HM Treasury

Wednesday 28 Mar 2018

GOVERNMENT RESPONSE TO COMMUNICATIONS FROM THE BANK OF ENGLAND AND FINANCIAL CONDUCT AUTHORITY

Responding to the regulators’ announcements, the Chancellor, Philip Hammond, said:

“In December, we were clear that we would do all that we could to ensure that the UK regulators have the powers they need to support a smooth and orderly exit from the EU.

“The Council’s endorsement of an agreement on an implementation period brings important clarity to businesses across the UK. Together with today’s announcements from the regulators, it will provide further confidence to financial services firms that there will be a smooth exit.

“Regulators have recognised that firms cannot alleviate the risks of a cliff-edge on their own, which is why the UK government and our regulatory authorities are working to provide the reassurance that firms need."

Contact Information

Notes to editors

The Bank of England has today:

  • welcomed the agreement between the UK and EU27 that there should be an Implementation Period until the end of 2020 as part of the UK’s Withdrawal Agreement with the EU;
  • made clear to relevant firms, in letters published today, that they may plan on the assumption that UK authorisation or recognition will only be needed by the end of the implementation period; and
  • confirmed its approach to the authorisation and supervision of international banks, insurers and central counterparties (CCPs). In the context of their future preparations for the UK’s withdrawal from the EU, EEA banks and insurers may (if they are not conducting material retail business) apply for authorisation to operate as a branch in the UK.  Non-UK CCPs should continue engaging with the Bank on the UK recognition process.

The FCA has today:

  • welcomed the agreement reached on the terms of an implementation period that will apply following the UK’s withdrawal from the European Union;
  • confirmed that, in light of the agreement on the terms of an implementation period and the UK Government’s commitment to providing for a Temporary Permission Regime as a backstop, firms and funds currently benefiting from an EU passport need not apply for an FCA authorisation at this stage;
  • reiterated that firms and funds that will be solo-regulated by the FCA that they will need to notify the FCA of their desire to benefit from the regime.  Notification will not require submission of an application for authorisation. The FCA will set out further details on these proposals later in the year; and
  • said that UK firms and funds passporting into the EEA should discuss with their relevant EU regulator the implications of a transitional period for their contingency planning. The FCA will continue to cooperate closely with the home state regulators of EEA firms and the European Supervisory Authorities and will stand ready to work with them to address any risks to consumer protection and financial stability.

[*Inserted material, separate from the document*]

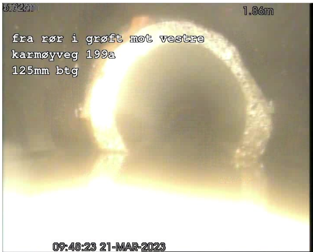
FS 1,90m Forskjøvet skjot, Gradering 3, Retning: Langsgående, Kl 12-12
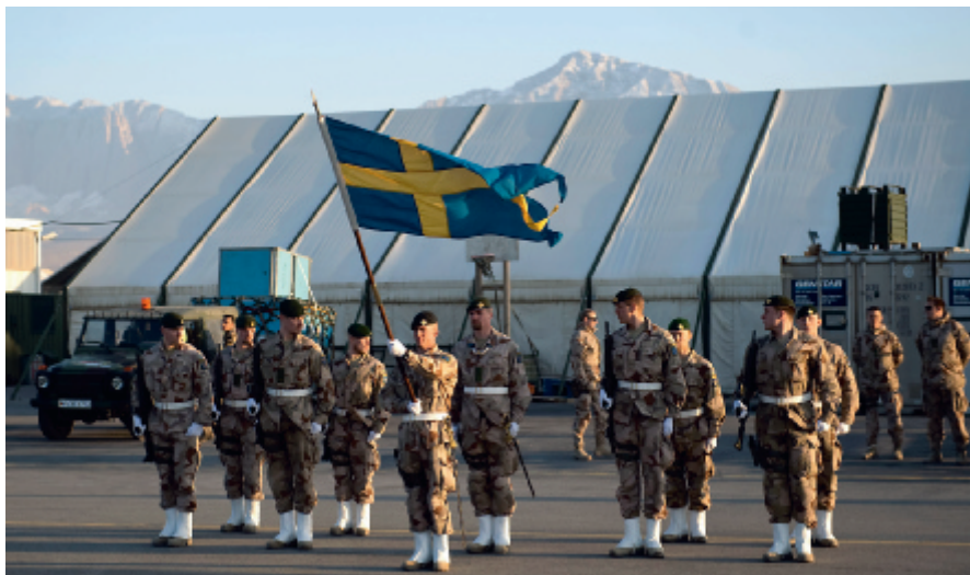
Foto: Henrik Montgomery/Scampix. Personerna på bilden har inget med artiklarna att göra.

In-bound firm announcements

On 20 December 2017, the government announced that it will bring forward legislation to create temporary permissions regimes if necessary, to ensure that relevant firms are able to continue their activities in the UK for a limited period after withdrawal. 

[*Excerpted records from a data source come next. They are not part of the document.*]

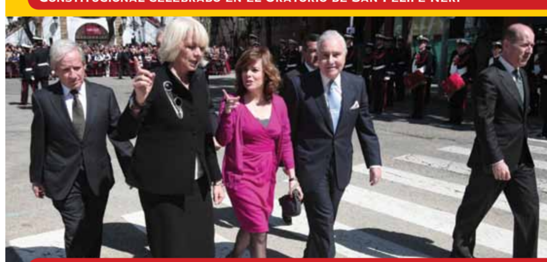
EL PRESIDENTE DEL TRIBUNAL CONSTITUCIONAL, LA ALCALDESA DE CÁDIZ, LA VICEPRESIDENTA 1ª DEL GOBIERNO DE ESPAÑA Y EL PRESIDENTE DEL TRIBUNAL SUPREMO SE DIRIGEN AL MONUMENTO A LAS CORTES DE CÁDIZ EN EL QUE SSMM LOS REYES HICIERON UNA OFRENDA FLORAL
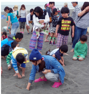
宝探しで賞品をゲット
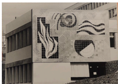
Lycée Aubenas, administration, panneau décoratif, 1965 (AN 20020101/4). Autr. auteur inconnu, IVR84_20200700012NUCB
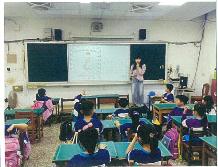
繪本分享:威廉的洋娃娃
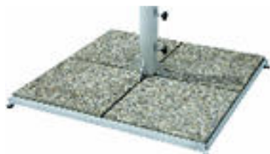
verzinkt ohne Platten; Stock Ø 85mm ca. 24 kg; CHF 325.-- 8 Gartenplatten 50 x 50 x 4 cm
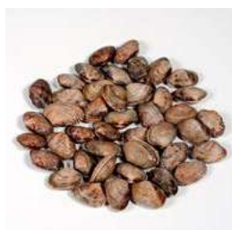
010517 * Cloïssa japònica negra 60/80 6 X 1 KG. 9,80 € / kg.
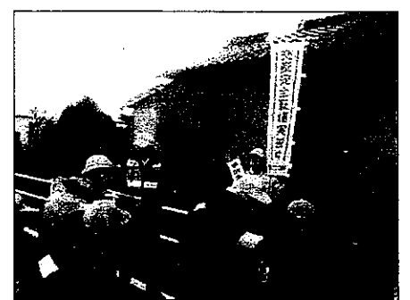
通学児童と見守る地域の方々

ず心配しているのが登下校です。その登下校を見守ってくださる地域や地元企業の方や保護者の方など、多くの方々の思いや活動に対しまして、子どもたちを預かっている学校として感謝の念でいっぱいです。これからも、地域の方々のご支援をいただきながら、安全確保に努めていく所存です。今後の子どもたちの成長を見守っていただけますよう、お願いいたします。

This move provided reassurance for UK customers of EEA financial services firms, such as the 6 million consumers who currently have insurance policies with these firms, that their policies will still be serviced in the unlikely event of no deal.

It also meant that we will be able to both protect financial services jobs in the UK as well as deliver a level playing field for financial services firms once we leave the EU. UK-based financial and related professional services employ 7.3% of the UK’s working population, over 2.2 million people, two thirds of whom are outside London.